[PATCH] fs: unset MNT_WRITE_HOLD on failure

Christian Brauner <brauner@xxxxxxxxxx> · Wed, 20 Apr 2022 15:19:25 +0200

After mnt_hold_writers() has been called we will always have set MNT_WRITE_HOLD
and consequently we always need to pair mnt_hold_writers() with
mnt_unhold_writers(). After the recent cleanup in [1] where Al switched from a
do-while to a for loop the cleanup currently fails to unset MNT_WRITE_HOLD for
the first mount that was changed.
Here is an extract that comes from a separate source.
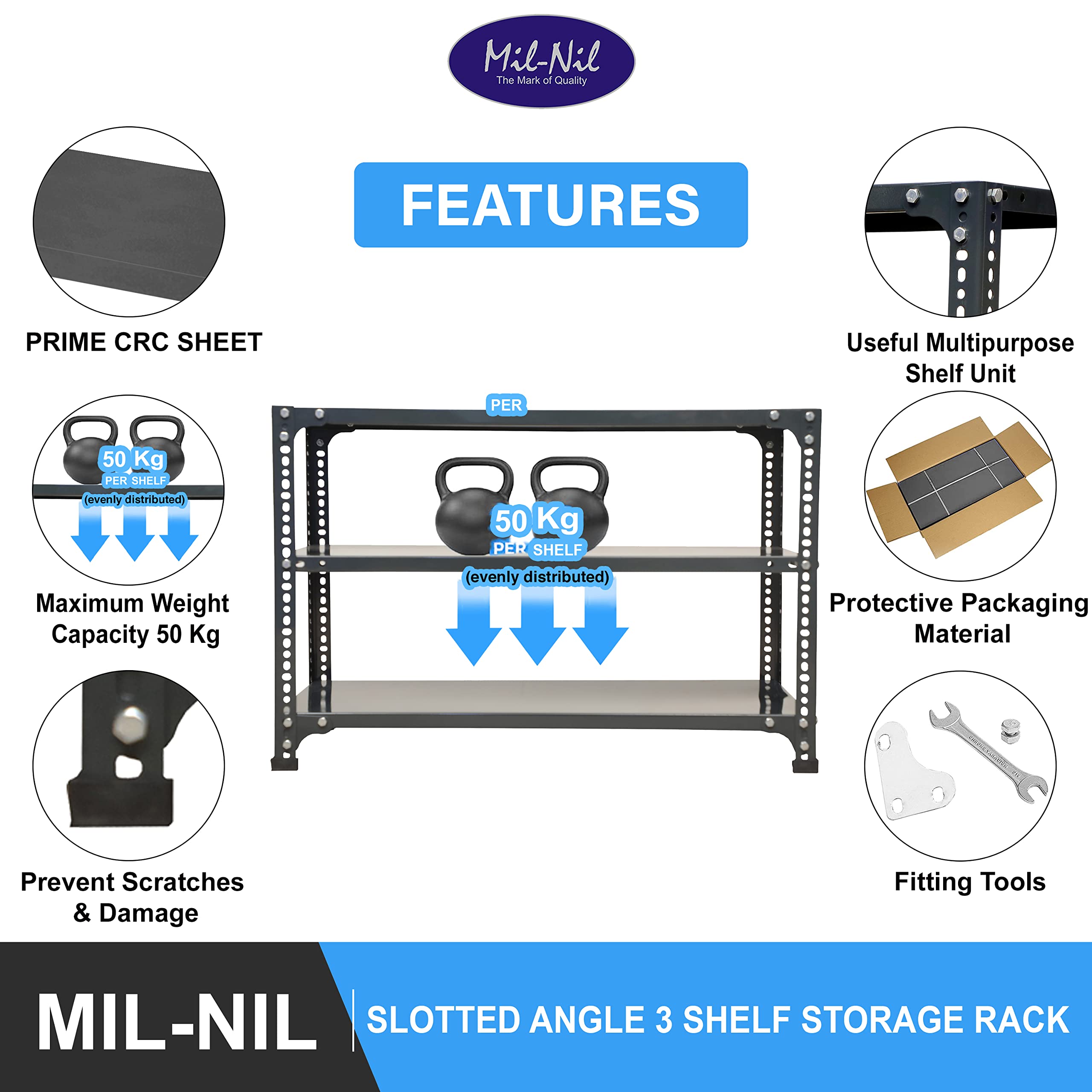 Item NameMil-Nil Prime CRC Sheet 3 Shelf 22 Gauge Multipurpose Slotted Angle Rack | Adjustable Shelf Hight Rack for Home & Kitchen (24x36x18 Inch, 11.4 Kg, Grey) 16 Gauge Angles

Fix this and make sure that the first mount
will be cleaned up and add some comments to make it more obvious.

Reported-by: syzbot+10a16d1c43580983f6a2@xxxxxxxxxxxxxxxxxxxxxxxxx
Reported-by: syzbot+306090cfa3294f0bbfb3@xxxxxxxxxxxxxxxxxxxxxxxxx
Fixes: e257039f0fc7 ("mount_setattr(): clean the control flow and calling conventions") [1]
Link: https://lore.kernel.org/lkml/0000000000007cc21d05dd0432b8@xxxxxxxxxx
Link: https://lore.kernel.org/lkml/00000000000080e10e05dd043247@xxxxxxxxxx
Cc: Hillf Danton <hdanton@xxxxxxxx>
Cc: Christoph Hellwig <hch@xxxxxx>
Cc: Al Viro <viro@xxxxxxxxxxxxxxxxxx>
Signed-off-by: Christian Brauner (Microsoft) <brauner@xxxxxxxxxx>
---
This should fix the syzbot issue. This is only relevant for making a
mount or mount tree read-only:
1. successul recursive read-only mount tree change:
   Cleanup loop isn't executed.
2. failed recursive read-only mount tree change:
   m will point to the mount we failed to handle. The cleanup loop will
   run until p == m and then terminate.
3. successful single read-only mount change:
   Cleanup loop won't be executed.
4. failed single read-only mount change:
   m will point to mnt and the cleanup loop will terminate if p == m.
I don't think there's any other weird corner cases since we now that
MNT_WRITE_HOLD can only have been set by us as it requires
lock_mount_hash() which we hold. So unconditionally unsetting it is
fine. But please make sure to take a close look at the changed loop.
---
 fs/namespace.c | 14 +++++++++++++-
 1 file changed, 13 insertions(+), 1 deletion(-)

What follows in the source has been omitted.